• Sonuç bulunamadı

Bu bölümde otel işletmelerine özgü genel özelliklerden, otel işletmelerinin diğer sektör işletmelerinden farkından, otel işletmelerinde çalışanların neden önemli olduğundan, otel işletmelerinde çalışma koşullarından ve otel işletmelerinde çalışma

yaşam kalitesi ile işten ayrılma niyeti arasında nasıl bir ilişki olduğundan bahsedilecektir.

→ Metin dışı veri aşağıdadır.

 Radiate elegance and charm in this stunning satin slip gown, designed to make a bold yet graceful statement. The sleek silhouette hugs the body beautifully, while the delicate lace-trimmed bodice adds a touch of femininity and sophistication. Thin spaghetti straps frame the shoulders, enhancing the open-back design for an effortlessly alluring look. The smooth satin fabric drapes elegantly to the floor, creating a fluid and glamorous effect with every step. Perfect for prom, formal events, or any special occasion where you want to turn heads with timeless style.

Oteller, asli fonksiyonları müşterilerin konaklama ihtiyaçlarını sağlamak olan, bu hizmetin yanında, yeme-içme, spor ve eğlence ihtiyaçları için yardımcı ve tamamlayıcı birimleri de bulundurabilen tesislerdir (Cengiz, 2008). Biraz daha kapsamlı bir tanım yapılacak olursa, Şener (2001) insanların değişik nedenlerle yapmış oldukları yer değiştirme olayı sonucu öncelikle konaklama, yeme-içme gereksinimlerini ve buna bağlı olarak diğer gereksinimlerini karşılamak amacıyla, mal ve hizmet üreten aynı zamanda insanların psikolojik tatmin duygularına hitap edecek hizmeti sunan ticari nitelikteki işletmelerdir diye tanımlamıştır. Yukarıdaki tanımlardan da anlaşılacağı üzere, otel işletmeleri, bir seyahat sonucunda kişilere yeme-içme ve birtakım başka ihtiyaçların karşılanmasını sağlayan işletmelerdir.

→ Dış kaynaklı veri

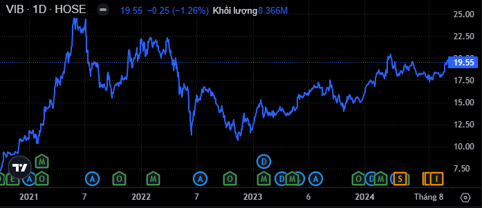 Trên thị trường chứng khoán, kết phiên giao dịch ngày 2/10, cổ phiếu VIB đóng cửa ở mức 19.550 đồng/cp, giảm 1,26% so với tham chiếu.

Turizmde hizmetin kalitesini müşteri veya turistin o hizmete biçtiği değerle ilgilidir. Hizmet kalitesine toplamda en fazla etkiyi yapanın bireysel tercihler olduğu söylenebilir (Baker ve Cromton, 2000: 785). Tüketicilerin hizmetle ilk karşılaşmasında bir algı oluşur. Çalışanla etkileşim halindedir. Tüketicilerin memnuniyetinin sağlanmasında arzu edilen sonuçların ortaya çıkmasında bu ilk iletişimin etkisi büyük olur (Haris, 2012: 3). Hizmet kalitesinin artırılmasında ve işgörenlerin yasal olmayan süreçlere girmesinin engellenmesinde çalışma şartlarının iyileştirilmesi dolayısıyla çalışma yaşam kalitelerinin artırılması gerekmektedir (Harrıs, 2012: 2).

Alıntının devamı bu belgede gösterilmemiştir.